The tax implications of investing for your children

investing for your childrenInvesting for your children is a generous act of foresight and certainly opens up future opportunities for them. However, you need to be aware of the tax implications of investing money on behalf of your children.

This is the view of Carla Rossouw, tax specialist at Allan Gray, who says that when investing money in the names of your children under the age of 18, the income and capital gains from those investments must be included on your own tax return.

“If you donate money to your children or transfer an investment to them, the income is taxed in your hands for as long as your children are still minors. This includes stepchildren and adopted children,” says Rossouw.

She explains that it is not the donated amount itself, or the value of the unit trust investment, that must be included in your income, but rather the income resulting from the donation, that is, the dividends and interest.

“If you later cash in the unit trust at a capital gain, this amount must also be included in your capital gains tax calculation.”

While parents and guardians are allowed an annual donations tax exemption of R100 000, Rossouw says that they will be liable for donations tax at a rate of 20% of the donated amount, if they donate in excess of this amount. Donations tax must be paid within three months of making the donation.

If a minor receives a donation or lump sum from a person other than a parent, then the tax situation is different.

“Minors are liable for the tax on any income generated from money they inherit or receive as a gift from anyone other than their parents, including grandparents. This means that the minor is liable for any tax on interest, dividends and capital gains, if applicable” she says.

Rossouw explains that if your minor children’s taxable income is sufficient to make them liable for tax, you must register them for income tax and submit a return on their behalf. However, a return is not required if your minor child does not have any tax deductions to claim and their gross income consists solely of South African-sourced income not exceeding R23 800.

In the case of withholding tax on interest and dividends, the company that actually pays the interest or dividends will deduct the relevant tax and pay it to the South African Revenue Service (SARS). This means that even if a minor is not registered as a taxpayer, any applicable amounts will be deducted from the interest and dividends before the balance is paid out to the child.

“However, once your children turn 18, they are legally responsible for their investments. When this happens, parents need to be aware that they lose transactional rights over any investments made in the name of their offspring.”

Rossouw says that the only way parents can retain rights to investments made in the name of their children is to act before their 18th birthday.

“Depending on the type of investment, parents can either transfer the money into their own names, or make a full withdrawal. However, both these options can incur capital gains tax.”

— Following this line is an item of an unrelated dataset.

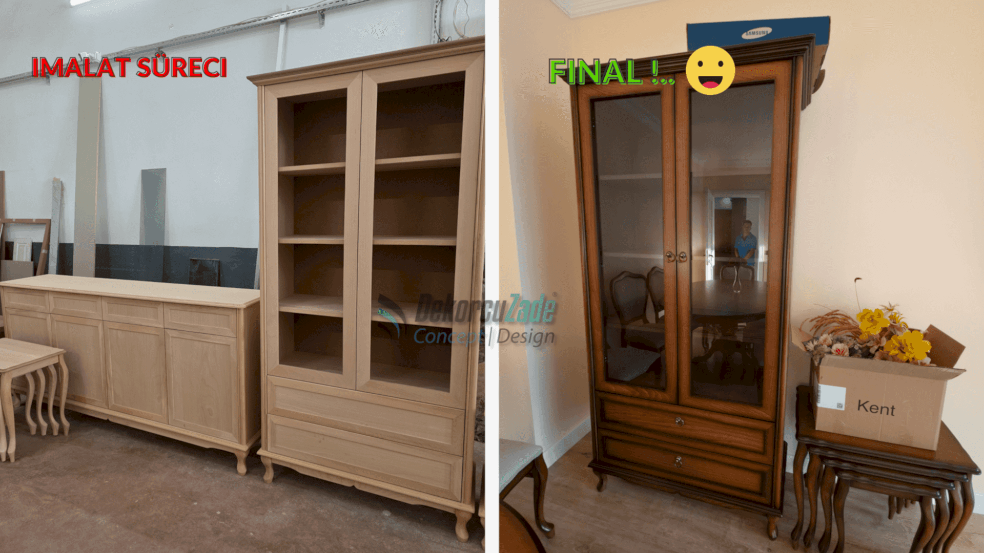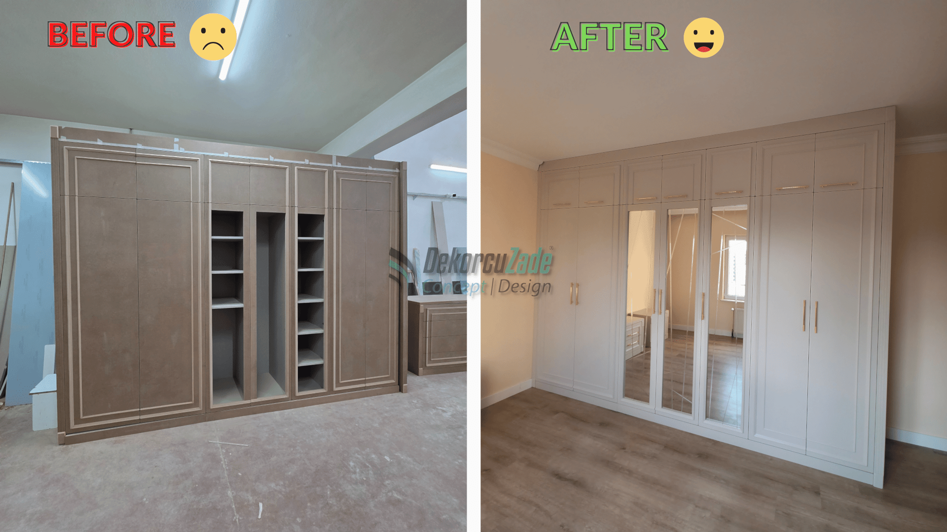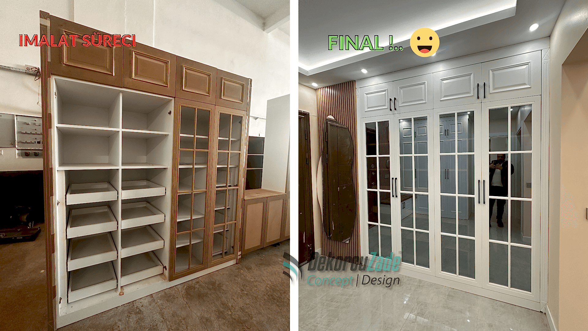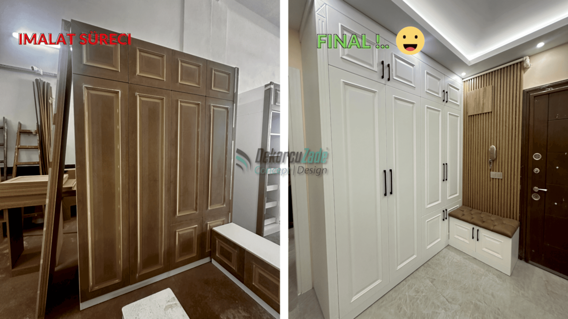 Kullanılan tüm mobilyalar, Dekorcuzade’nin kendi üretim tesislerinde, müşterimizin ölçülerine ve zevkine göre özel olarak üretildi.

She says that administrative practices vary between investment managers. At Allan Gray, if children want a parent to continue managing the investment on their behalf, they will have to give written authorisation to the investment manager, giving a parent permission to act on their behalf.

“It is also important to note that, as a parent, you won’t be liable to pay tax on any income and capital gains tax on investments made in the name of your children once they turn 18. At 18 they are an adult in the eyes of South African law and their taxes become their own responsibility, meaning they will need to complete their own tax returns,” concludes Rossouw.